Lars Fiske

Grosz

Cover: Grosz
Avant Verlag, Berlin 2019
ISBN 9783964450005
Gebunden, 80 Seiten, 25,00 EUR

Klappentext

Nach Olaf Gulbransson und Kurt Schwitters ist Grosz die lang erwartete dritte Künstlerbiografie des norwegischen Autors Lars Fiske. George Grosz (1893-1959) war deutscher Dada-Künstler und Vertreter der Bewegung der Neuen Sachlichkeit. In dieser grafischen Biografie zeigen kantige Linien ein Leben im Berlin der 20er Jahre und lassen eine einzigartige Dynamik entstehen. Zwei Farben begleiten die Erzählung: Rot für Berlin, für Strenge und Ordnung, Grün für Jazz und den Rhythmus New Yorks, wo Grosz sein Exil verbrachte. Fiskes nachdenklicher Grosz ist weit entfernt von anderen Künstlerbiografien, ob in grafischer oder in Schriftform. Es ist ein Kunstwerk für sich.

Rezensionsnotiz zu Die Tageszeitung, 18.05.2019

Rezensent Ralph Trommer glaubt, dass George Grosz selbst seine Freude an dieser Biografie zu seiner Person in Form einer Graphic Novel gehabt hätte. Lars Fiske eignet sich Grosz' zeichnerischen Stil so gekonnt an, lobt er, dass die LeserInnen dem Künstler nicht nur durch die Vergegenwärtigung seiner wichtigsten Lebensstationen, sondern auch durch die Bilder selbst näher kommen können. Dieser Kniff hebt die Comic-Biografie in Trommers Augen noch einmal deutlich aus der Flut solcher Werke heraus und macht ihren besonderen Charme aus.

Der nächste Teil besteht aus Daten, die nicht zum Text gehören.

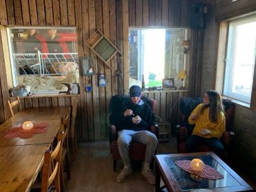 12:00 p.m. – we stopped at Efstidalur for ice cream and snacks. Notice below the cows in background for the milk!
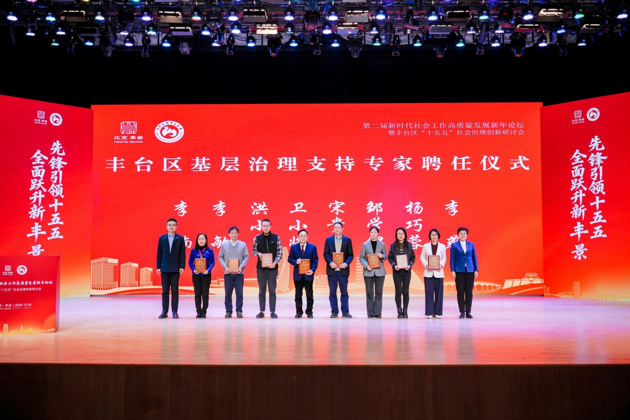 随后,刘颖和市委社会工作部办公室主任、二级巡视员张洪温为丰台区第二批基层治理支持专家颁发了聘书。受聘专家来自多所高校与社会实务领域,未来将深度参与丰台区社会治理相关调研、规划与咨询工作,进一步巩固“校地共建、协同育人”的合作机制,助力丰台区“十五五”社会治理体系优化与创新。
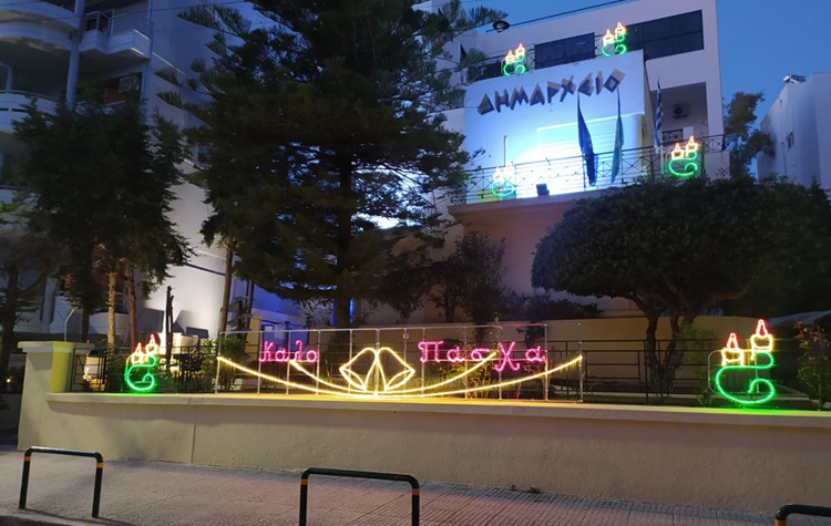 Πασχαλινά χρώματα και φωτισμός στον Δήμο Αλίμου. Σύμφωνα με τον δήμαρχο της πόλης, Ανδρέα Κονδύλη: «Τοποθετήθηκε και φέτος ο Πασχαλινός στολισμός στην πόλη μας, πιο πλούσιος από κάθε άλλη χρονιά, για να χαρούν μικροί και μεγάλοι. Χρόνια Πολλά, και του χρόνου».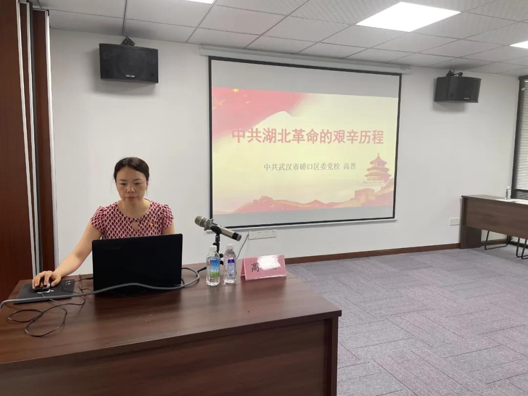 最后由區(qū)委黨校講師高晉作專題輔導(dǎo)報告。高老師為我們講授了《中共湖北革命的艱辛歷程》,以“我們黨的一百年,是不忘初心、牢記使命的一百年,是篳路藍(lán)縷、奠基立業(yè)的一百年,是創(chuàng)造輝煌、開辟未來的一百年”為開端,內(nèi)容生動詳盡,為我們再現(xiàn)了一段輝煌的百年革命歷史。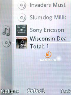 Под строкой отображается прошедшее и оставшееся время проигрывания трека, информация из ID3–тега и обозначения действий на навигационной клавише. Нажатиями вверх или вниз вызывается текущий список воспроизведения, затмевающий наполовину активное окно воспроизведения. При изменении ориентации на альбомную, обозначение навигационной клавиши наплывает на правый край строки прокрутки.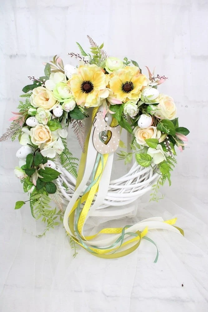 Dodatkowo ozdobiony śliczną zawieszką kurki, jajkami, liśćmi, dekoracyjną trawą oraz tasiemką dopasowaną kolorystycznie.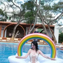 🏊🏻♀️After eating, go to the swimming pool in the yard to play. The water is clean and clear. There are also various paddle boards, surfboards, small rainbow inflatable beds, flamingo swimming rings~ Play for an afternoon~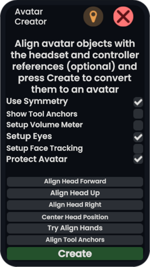 | Center Head Position | Will try to align the head reference target's position with the avatar's head position |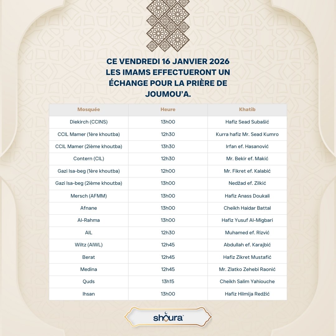 Échange des imams pour la prière du vendredi 54 54 people viewed this event. S’inscrire à l’évènement Pour s’inscrire à cet évènement, Veuillez vous rendre à l’URL suivante : → Date et heure 16 janvier 2026 Lieu -Partager avec des amis Facebook Twitter Linkedin Xing Pinterest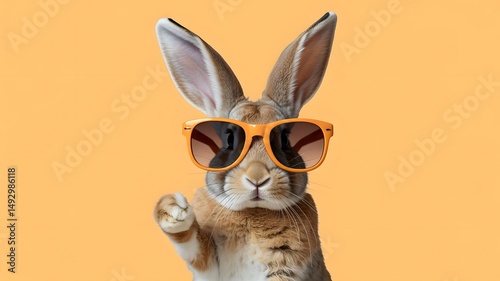© Ismaile, Obraz premium Cool bunny rabbit wearing sunglasses waving paw

Rezensionsnotiz zu Neue Zürcher Zeitung, 07.03.2019

Kunst und Comic, das ist eigentlich eine natürliche Verbindung, denkt sich Rezensent Christian Gasser und wird in dieser Meinung neuerdings von Kunstmuseen bestätigt. Die Frage ist jedesmal, wie geht der Comic-Künstler mit der Kunst um: Imitiert er den Stil des Künstlers? Bleibt er bei seinem eigenen, setzt er die Kunst als Zitat ein? Was alles möglich ist, findet Gasser wunderbar veranschaulicht in drei - wie er findet: großartig gelungenen - Comic-Künstlerbiografien: Typex' "Andy", Lars Fiske "Grosz" und  Catherine Meurisses "Olympia in Love". Der norwegische Comiczeichner Lars Fiske arbeitet in seiner George-Grosz-Biografie mit den Mitteln des deutschen Künstlers. Sein expressionistischer Strich hat durchaus Ähnlichkeiten mit dem von Grosz, ist ebenso karikaturistisch und manchmal geradezu slapstickhaft, meint Gasser. Das funktioniert ganz prächtig, versichert er, denn als "cleveres Pastiche" schildert es den Meister durchaus kongenial, lobt er.